Raw data Start Marker

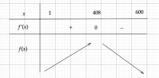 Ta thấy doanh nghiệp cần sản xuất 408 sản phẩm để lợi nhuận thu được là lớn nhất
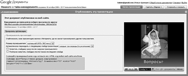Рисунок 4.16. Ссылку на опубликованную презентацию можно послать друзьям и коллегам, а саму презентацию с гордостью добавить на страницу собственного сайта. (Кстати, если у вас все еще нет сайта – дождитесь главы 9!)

Raw data End Marker
Raw data Start Marker

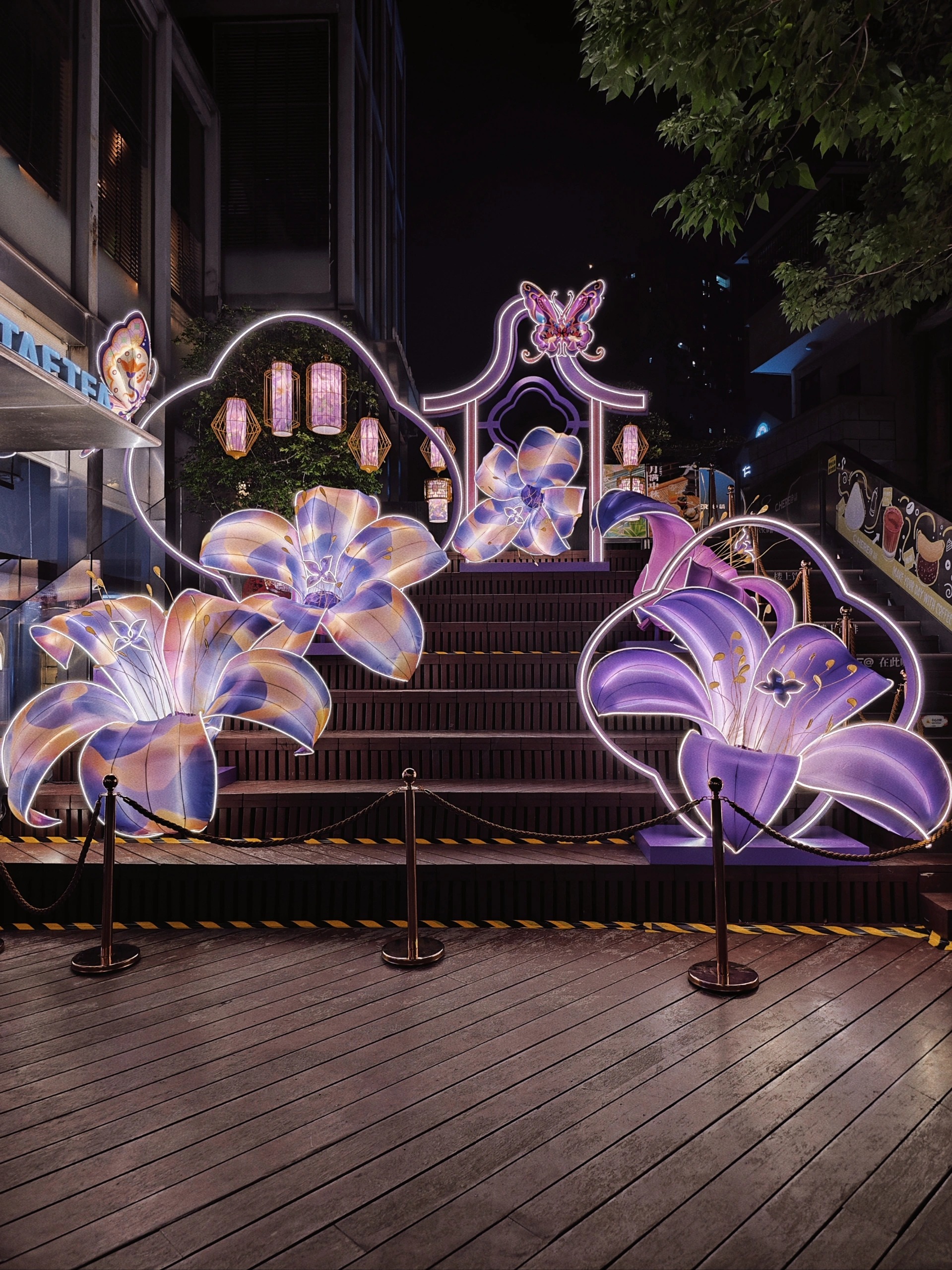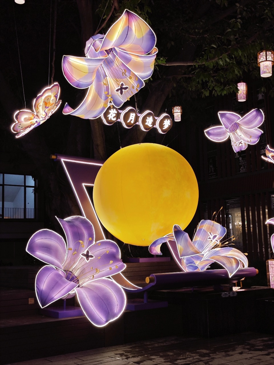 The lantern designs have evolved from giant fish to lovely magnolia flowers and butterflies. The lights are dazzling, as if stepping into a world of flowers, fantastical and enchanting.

Raw data End Marker
Raw data Start Marker

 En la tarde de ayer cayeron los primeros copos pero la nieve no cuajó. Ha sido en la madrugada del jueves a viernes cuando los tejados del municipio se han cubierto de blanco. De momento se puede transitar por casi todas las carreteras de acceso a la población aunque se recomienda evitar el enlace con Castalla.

Raw data End Marker

Problem description: Within the listing above, the lines from the one with "Ta thấy doanh" through the one with "Рисунок 4.16. Ссылку" are to be given again word for word. Do not include pictures.

Reply to the exercise:
 Ta thấy doanh nghiệp cần sản xuất 408 sản phẩm để lợi nhuận thu được là lớn nhất
Рисунок 4.16. Ссылку на опубликованную презентацию можно послать друзьям и коллегам, а саму презентацию с гордостью добавить на страницу собственного сайта. (Кстати, если у вас все еще нет сайта – дождитесь главы 9!)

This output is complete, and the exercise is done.